Нина твердила это «почему», укладываясь обратно. Ее бил крупный озноб, а внутри разгорался сухой пожар. Больно. Как же ж, мать твою, это больно! Потолок сочувственно белел над Ниной, комната тонула в предрассветных сумерках. Можно было потянуться к лежавшему на тумбочке ноутбуку, загрузить очередную серию чего-нибудь шумного, разрешить себе не вникать в суть и просто смотреть, как красивые люди на экране красиво раскрывают рты. А можно было еще два часа лежать в полумраке, прислушиваться к боли, лелеять ее, как старую нелюбимую кошку, мечтать, чтобы сдохла, но бояться, что сдохнет. Потому что без боли этой, сухой и горячей, Нина снова бы осталась одна. Совершенно одна. Какой уж тут сериал, лежи себе, прощайся с болью, пока будильник не прозвенит.
Будильник обозначился в семь. А боль осталась.
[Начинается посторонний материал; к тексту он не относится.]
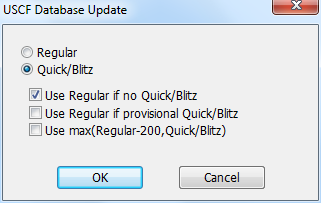 Regular chooses the regular ratings, Quick/Blitz chooses whichever of the Quick/Blitz ratings you downloaded. The three checkboxes shown only appear if you choose Quick/Blitz.
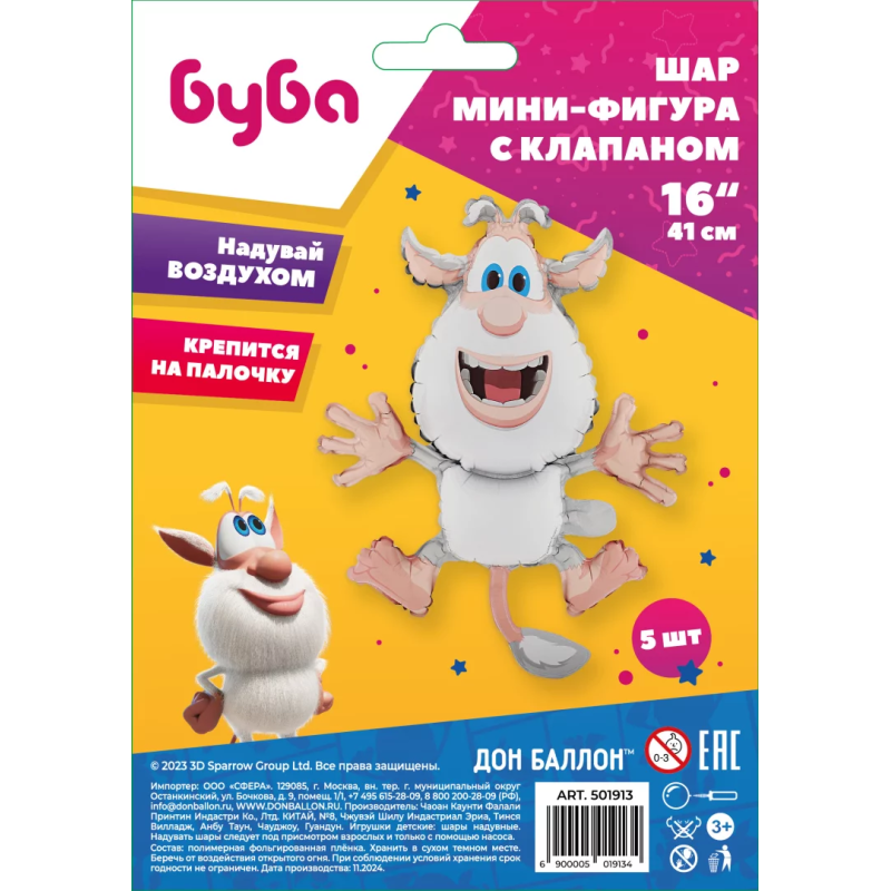 Шар с клапаном (16''/41 см) Мини-фигура, Буба, Белый, 5 шт. в уп., 501913

С ней пришлось снова вставать на холодный пол пятками. С ней – тащиться в ванную, охая, перелезать через бортик, поворачивать вентиль и тупо стоять под теплыми струями, слушать, как звонко бьют они о фаянсовое дно. Боли было глубоко плевать и на ванну, и на воду, и на промокшие сиреневые трусы, которые Нина забыла стянуть. Боль таилась в подреберье, спекая внутренности в колючий комок: как ни вдохнешь, как ни двинешься – сразу укол, и тошнота поднимается по гортани едкой волной.
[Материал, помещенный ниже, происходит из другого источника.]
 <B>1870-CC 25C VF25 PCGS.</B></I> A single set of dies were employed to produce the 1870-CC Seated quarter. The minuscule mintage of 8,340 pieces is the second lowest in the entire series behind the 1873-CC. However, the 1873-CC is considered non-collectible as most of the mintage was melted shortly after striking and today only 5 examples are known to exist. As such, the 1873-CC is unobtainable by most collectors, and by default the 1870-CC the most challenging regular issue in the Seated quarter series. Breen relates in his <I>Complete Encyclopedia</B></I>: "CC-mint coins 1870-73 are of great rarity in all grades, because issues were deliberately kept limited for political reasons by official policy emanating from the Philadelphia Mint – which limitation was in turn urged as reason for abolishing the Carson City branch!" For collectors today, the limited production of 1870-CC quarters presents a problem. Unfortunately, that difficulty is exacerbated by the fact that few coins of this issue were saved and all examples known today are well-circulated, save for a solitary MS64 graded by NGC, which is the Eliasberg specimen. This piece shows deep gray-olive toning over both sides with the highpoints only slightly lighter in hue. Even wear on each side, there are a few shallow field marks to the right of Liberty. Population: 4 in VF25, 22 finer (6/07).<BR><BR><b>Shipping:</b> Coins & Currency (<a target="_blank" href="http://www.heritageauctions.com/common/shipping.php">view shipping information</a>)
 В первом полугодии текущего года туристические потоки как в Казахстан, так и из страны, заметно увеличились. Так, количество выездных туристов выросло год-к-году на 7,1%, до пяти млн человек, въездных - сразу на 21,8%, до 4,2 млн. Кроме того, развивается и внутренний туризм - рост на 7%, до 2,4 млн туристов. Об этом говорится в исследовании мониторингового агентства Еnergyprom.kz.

Единственным видом борьбы с миром, который Нина признавала действенным, было равнодушное игнорирование того, что не можешь изменить. Избавиться от боли не выходило, значит, нужно делать вид, что боли нет. Даже не так: делать вид, что боли никогда не было. Как не было Дани – высокого, жилистого, с сильными руками, но нежными ладонями. Как не было их странной любови – этих разговоров в ночи, этих встреч случайных, внезапных поездок, как не было баров и туалетов в барах, съемной двушки на Садовом, стремительного переезда туда, мучительного переезда обратно. Не было этого, ничего не было. И боли этой сухой и горячей тоже не было никогда.
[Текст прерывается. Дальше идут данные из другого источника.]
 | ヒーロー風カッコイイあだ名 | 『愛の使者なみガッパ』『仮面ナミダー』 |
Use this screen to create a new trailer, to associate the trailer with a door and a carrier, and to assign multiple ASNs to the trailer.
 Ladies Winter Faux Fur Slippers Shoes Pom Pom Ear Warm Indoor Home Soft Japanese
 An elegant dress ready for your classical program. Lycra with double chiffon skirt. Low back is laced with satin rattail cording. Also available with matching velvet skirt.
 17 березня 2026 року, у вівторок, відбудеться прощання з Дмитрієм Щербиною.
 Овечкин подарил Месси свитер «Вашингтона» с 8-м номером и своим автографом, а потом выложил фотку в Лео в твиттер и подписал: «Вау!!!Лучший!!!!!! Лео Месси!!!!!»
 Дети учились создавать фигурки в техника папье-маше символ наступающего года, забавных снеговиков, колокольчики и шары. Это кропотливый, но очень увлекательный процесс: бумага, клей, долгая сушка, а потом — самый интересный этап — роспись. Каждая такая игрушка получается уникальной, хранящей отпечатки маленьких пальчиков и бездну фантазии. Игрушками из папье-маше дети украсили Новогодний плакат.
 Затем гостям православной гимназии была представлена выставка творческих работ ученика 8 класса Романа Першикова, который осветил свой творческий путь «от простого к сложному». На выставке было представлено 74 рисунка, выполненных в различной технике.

Нина выбралась из ванны, задышала глубоко, прогоняя из тела слабость. Бодро вышла в коридор, бодро дошла до кухни. Свет вспыхнул ярко, ослепил на секунду, даже слезы на глазах выступили. Снова вдох, снова выдох. Щелкнуть по чайнику, выудить с сушилки чашку – ложка кофе, ложка сахара, кипяток, ложка сливок. Нина присела на краешек стула, сделала первый глоток и только потом поняла, что в кухню она пришла голой и мокрой, даже не отеревшись после душа. Вода капала на плитку с кончиков волос, вода стекала по обнаженному телу, морозила его, вон, кожа уже гусиная, вся в мурашках. Только холода Нина не чувствовала, ее сжигала сухая и горькая боль – личное адовое пекло прямо под левым ребром.
Хотелось орать. Распахнуть окно, вывалиться по пояс наружу, вдохнуть холодного ноября и заголосить в эту серость:
– С хера ли?!
Вопрос, вечный, как само мироздание, вертелся на языке. И как упоительно было перекатывать его во рту, словно розовую барбариску, шептать украдкой, поглядывая на небо, озвучивать в разговоре, мельком, шутя, и кричать пьяной дурой в небо, когда становилось совсем уж невмоготу. А после – хохотать, хохотать, чтобы не свихнуться.
– С хера ли так больно? С хера ли так темно? С хера ли так без-на-деж-но?
Адресат, если и был он там, в низких небесах, конечно, молчал. Хмурил брови-облака, проливался тоскливым дождем, срываясь в грязные комья снега. Может, он и знал ответ, да только делиться им не спешил.